■ How to complete this task ■
Every line of the material is to be transcribed verbatim, with images omitted.

Supplied information below:

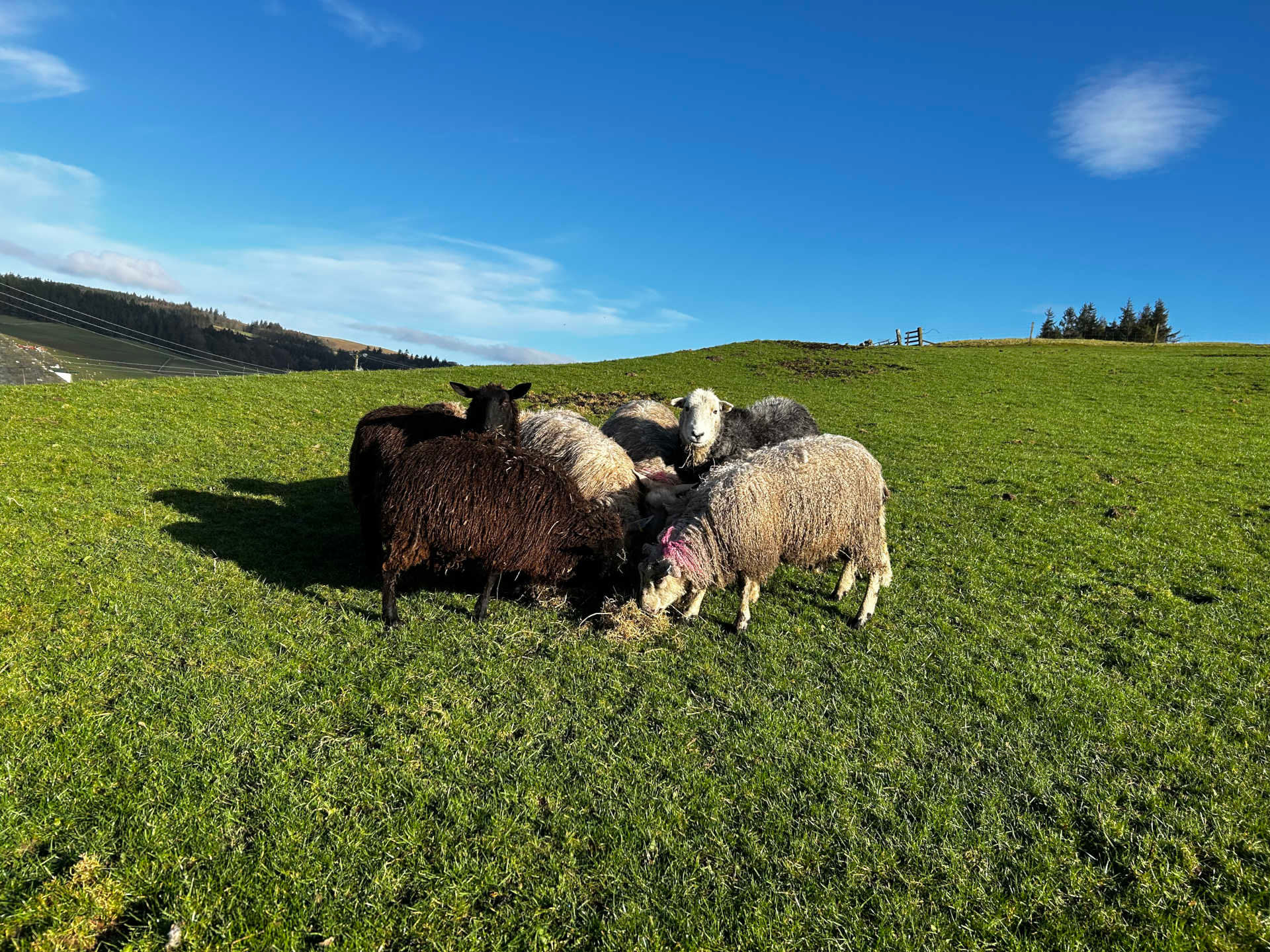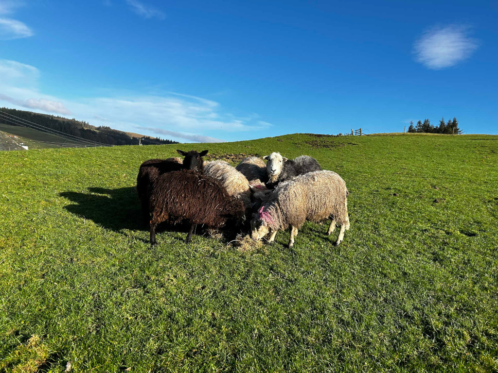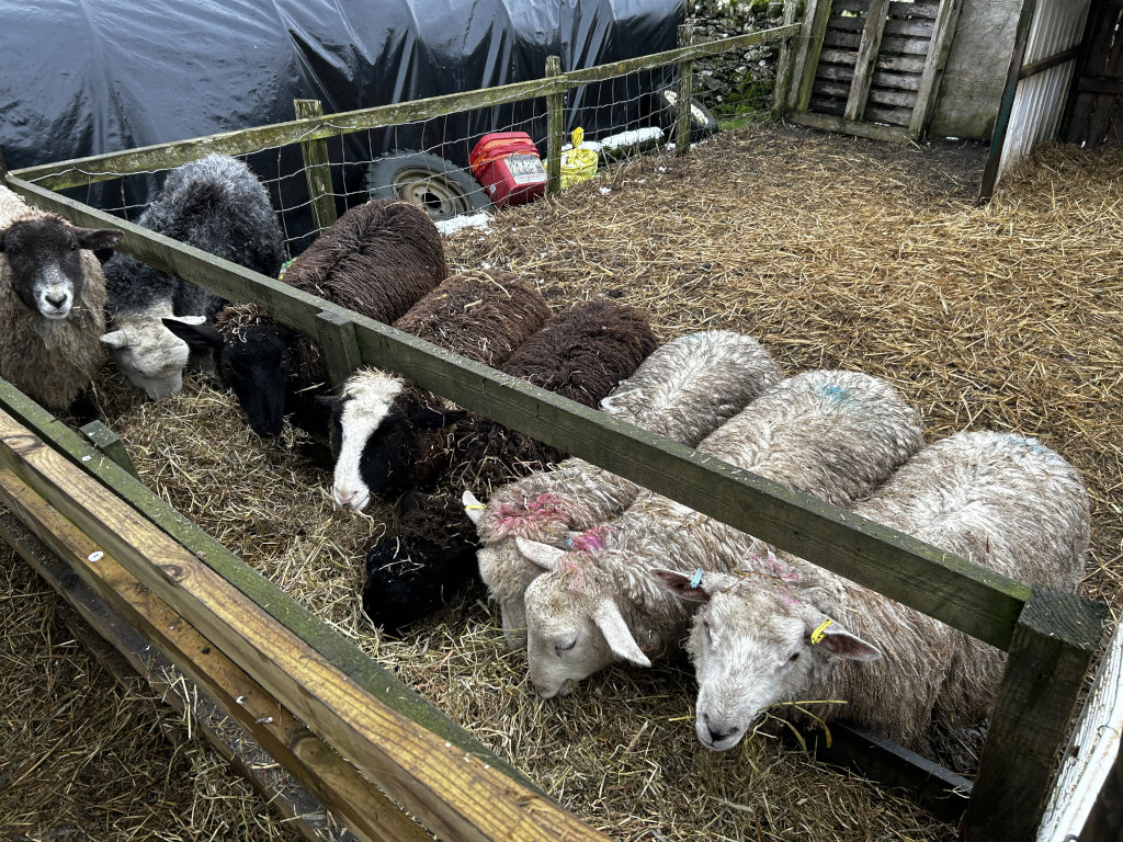 The grass on the paddock is very short, so I'm suplimenting the diet of the few sheep grazing here with haylage; other than one Herdwick, we don't believe these ewes to be in lamb.
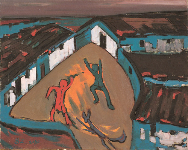 展覽開幕當天,還舉行了此次回顧展的研討會。圖為張立國作品《我的童年》。 (小 辰)
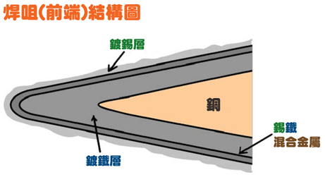進行焊接時,錫跟鐵會不斷產(chǎn)生混合反應,而由于所產(chǎn)生的混合金屬會從焊咀鍍層表面剝落,因此焊咀鍍層會逐漸被侵蝕掉,繼而錫會很快速地侵蝕焊咀內(nèi)的銅,最后會在很短時間內(nèi)造成焊咀穿洞(圖4)。
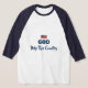 Shown on a raglan sleeve baseball style shirt and in Navy Blue and White. Small sized graphic of the American Flag with text of "GOD, help this country".

End of Supplied information.

■ Answer to the exercise ■
 The grass on the paddock is very short, so I'm suplimenting the diet of the few sheep grazing here with haylage; other than one Herdwick, we don't believe these ewes to be in lamb.
 展覽開幕當天,還舉行了此次回顧展的研討會。圖為張立國作品《我的童年》。 (小 辰)
進行焊接時,錫跟鐵會不斷產(chǎn)生混合反應,而由于所產(chǎn)生的混合金屬會從焊咀鍍層表面剝落,因此焊咀鍍層會逐漸被侵蝕掉,繼而錫會很快速地侵蝕焊咀內(nèi)的銅,最后會在很短時間內(nèi)造成焊咀穿洞(圖4)。
 Shown on a raglan sleeve baseball style shirt and in Navy Blue and White. Small sized graphic of the American Flag with text of "GOD, help this country".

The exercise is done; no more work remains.